▸ Requirement: The answer should hold only the lines from the one containing "In un percorso" through the one containing "- Vaalea 2000-luvulla" in the entries below, copied exactly, without pictures.

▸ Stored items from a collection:

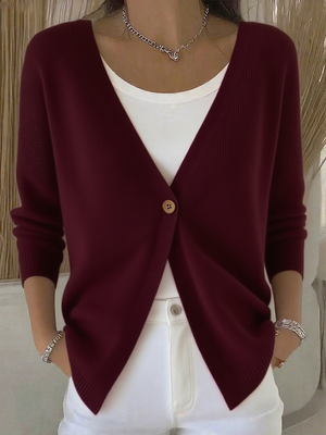 Women's V-neck One-button Knitted Cardigan Sweater
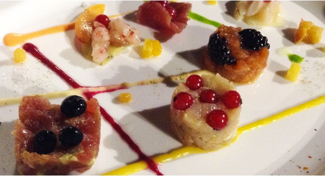 In un percorso di gusto che vi entusiasmerà, muovendo tra mare e terra, potrete gustare tavolozza del pittore, ossia geniale sequenza di assaggi di crudo proposti con abbinamenti geniali con frutta, poi riso Carnaroli al Franciacorta rosmarino polpa di riccio fiori di lavanda, salmone selvaggio in crosta di olive nere barba di frate indivia belga agli agrumi, milanese "alta e rosea", sfogliatine croccanti crema chantilly fragole cioccolato bianco. Siete ancora lì?
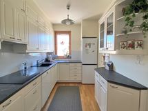 - Vaalea 2000-luvulla uusittu keittiö, jossa hyvin kaapistoja. Kodinkoneista induktioliesi, kylmälaite, erillisuuni, välitila ja työtasot uusittu v. 2022. Varusteena jääkaappi/pakastin, astianpesukone, erillisuuni, induktioliesi. Lattia parkettia, seinät maalia.
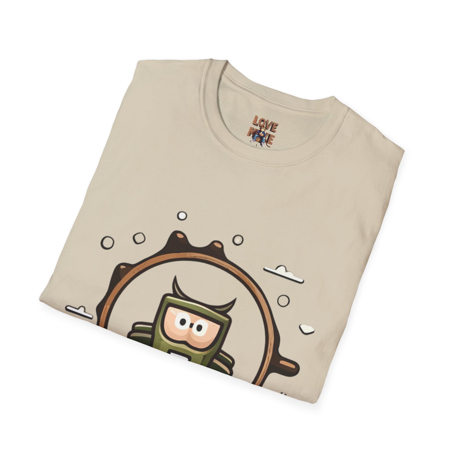 What sets this T-shirt apart is its unique design that speaks to the soul of adventure. The Helmet Explorer Guy motif is more than an image; it's a call to break free from the everyday and seek out the extraordinary. Whether you're scaling mountains, combing beaches, or roaming city streets, this tee is your trusty companion. It's not just a garment; it's a testament to your passion for exploration and a reminder of the stories you'll tell.
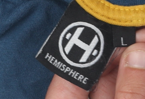 Discover the stylish Hemisphere Men's Blue Graphic T-Shirt, a perfect choice for casual outings or everyday wear. This versatile t-shirt features a classic crew neck and short sleeves, ensuring comfort and style throughout the seasons. Crafted from 100% cotton, it offers a soft and breathable feel, ideal for all-day wear. The bold graphic print design creates a trendy look that stands out, making it a must-have for any modern wardrobe. With a regular fit, it provides a relaxed yet flattering silhouette. Ideal for pairing with jeans or shorts, this t-shirt is the perfect addition to any relaxed outfit. Enjoy the lightweight jersey fabric, which is machine washable for easy care. Slightly worn with no visible damage, it's in excellent condition and ready for its next adventure. Grab this stylish piece today and elevate your casual ensemble.
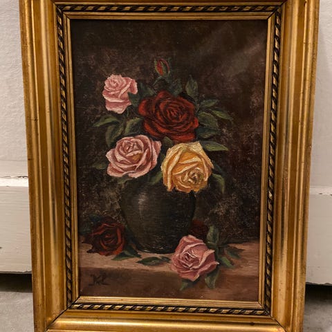 maleri med gule blomster i guldramme
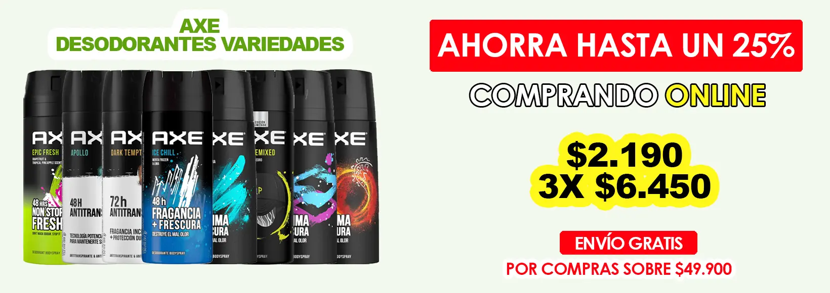 Desodorantes axe, rexona, dove,nivea, shampoo, gillette
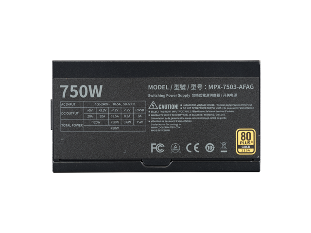 Cooler Master MWE Gold 750 V3 ATX 3.1 Full Modular PSU, 750W, 80+ Gold Efficiency, 90° 12VHPWR|450W PCIe 5.1, Japanese Capacitors, Zero-RPM Mode, Hexagonal Fan Cover, 10-Year
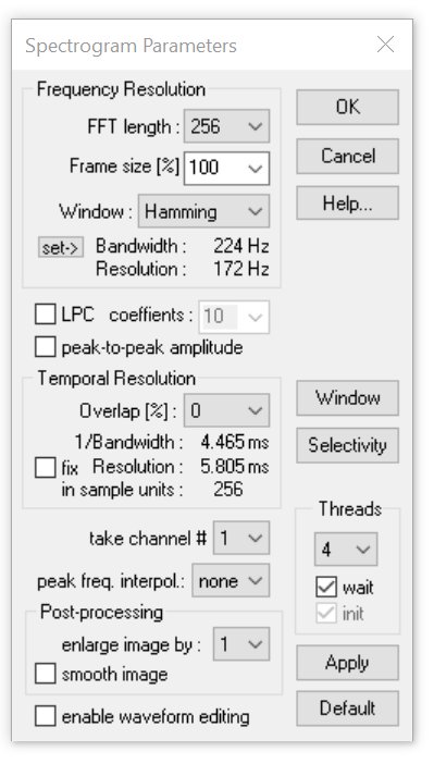 wait If more than one thread has been selected and this option is not activated, the spectrogram window will be launched before the spectrogram has been completed, which can accelerate the workflow. However, this may also lead to problems in conjunction with the Automatic Parameter Measurements tool.

▸ Worked solution:
 In un percorso di gusto che vi entusiasmerà, muovendo tra mare e terra, potrete gustare tavolozza del pittore, ossia geniale sequenza di assaggi di crudo proposti con abbinamenti geniali con frutta, poi riso Carnaroli al Franciacorta rosmarino polpa di riccio fiori di lavanda, salmone selvaggio in crosta di olive nere barba di frate indivia belga agli agrumi, milanese "alta e rosea", sfogliatine croccanti crema chantilly fragole cioccolato bianco. Siete ancora lì?
 - Vaalea 2000-luvulla uusittu keittiö, jossa hyvin kaapistoja. Kodinkoneista induktioliesi, kylmälaite, erillisuuni, välitila ja työtasot uusittu v. 2022. Varusteena jääkaappi/pakastin, astianpesukone, erillisuuni, induktioliesi. Lattia parkettia, seinät maalia.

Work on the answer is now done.